One honest note: most named MTS examples are senior people. The clearest entry path for someone without an ML background is the OpenAI Residency, a 6-month program paying $18,333 a month, roughly $220K annualized, built for career-changers from physics, math, neuroscience, or software engineering. No PhD required, and residents do convert to full-time.
If you're aiming at this, the practical stack to show is Python, PyTorch, and some MLOps, with NLP and LLM work front and center, since that's the single most-screened skill in current postings. Build the public proof first, then track which labs and residencies are open and apply the day the window opens.
MTS roles open fast and windows close faster, especially residencies like OpenAI's. Our Job Tracker keeps you organized across multiple frontier labs and alerts you the moment new postings hit, so you're applying on day one, not day five. The students who break into hard funnels aren't usually the ones with the best credentials. They're the ones who understood the timing.

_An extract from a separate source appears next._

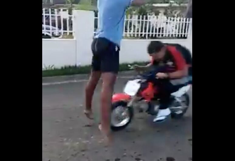 Sí, Juanito quería brincar una motora en movimiento. Desconocemos si su misión solo consistía en pescar likes, pero lo logró. Dicen las malas lenguas que Juanito ahora es un mártir en el barrio. Aunque a decir verdad, en las redes ya fue bautizado como un tipo BIEN astuto y brillante.

Frequently Asked Questions
Is Member of Technical Staff an entry-level title?
Not really. Most named MTS hires are senior engineers or former executives, so treating it as a new-grad title sets you up for disappointment. The realistic on-ramp for someone without an ML background is the OpenAI Residency, a six-month program that converts strong residents to full-time. Build deployed, public projects before you aim straight at an MTS posting.
How is MTS different from a regular software engineer role?

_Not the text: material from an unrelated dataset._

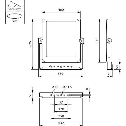 Questo apparecchio può essere usato sia in spazi interni che in spazi esterni, poiché ha indice di protezione contro l'ingresso di acqua e polvere IP66. In generale, un apparecchio con IP44 è resistente a schizzi di acqua e umidità, e può quindi essere installato in spazi esterni molto umidi o esterni riparati, come sono una tettoia. Un apparecchio che invece verrà esposto a intensi getti di acqua deve avere almeno IP54. Questa lampada ha anche un indice di resistenza a urti e impatti di IK09 - 10 Joule

A standard SWE title signals a level and a ladder. MTS strips both out on purpose, so the same title can cover infra, pre-training, or product. The trade-off is ambiguity: you gain mobility across teams but lose a clear promotion path. You also tend to ship faster, sometimes within your first week, with less structure around you.
Do I need a PhD to become a Member of Technical Staff?
No. Anthropic states a PhD and prior ML experience are not required, and roughly half their technical staff don't have one. What replaces the credential is demonstrated public work: a documented paper implementation, an open-source contribution, or a deployed project with a real UI. The bar is high, but it's a portfolio bar, not a diploma bar.
What should I put on my resume for an MTS application?
Lead with public, verifiable work instead of coursework. Anthropic literally says to put independent research, a sharp blog post, or open-source contributions at the very top. Add links that someone can click: a deployed RAG app, a clean GitHub README, an architecture diagram. Keep tutorial projects like MNIST off the page entirely, since they signal nothing.
How long does the frontier lab interview process take?
OpenAI's full process averages around 30 days and includes a four-to-six hour virtual onsite with live coding, system design, and ML theory. Anthropic leans on a 90-minute CodeSignal assessment plus live screen-sharing rounds with a heavy AI safety focus. Plan for a few weeks of preparation per lab, and track each timeline so you don't miss a follow-up.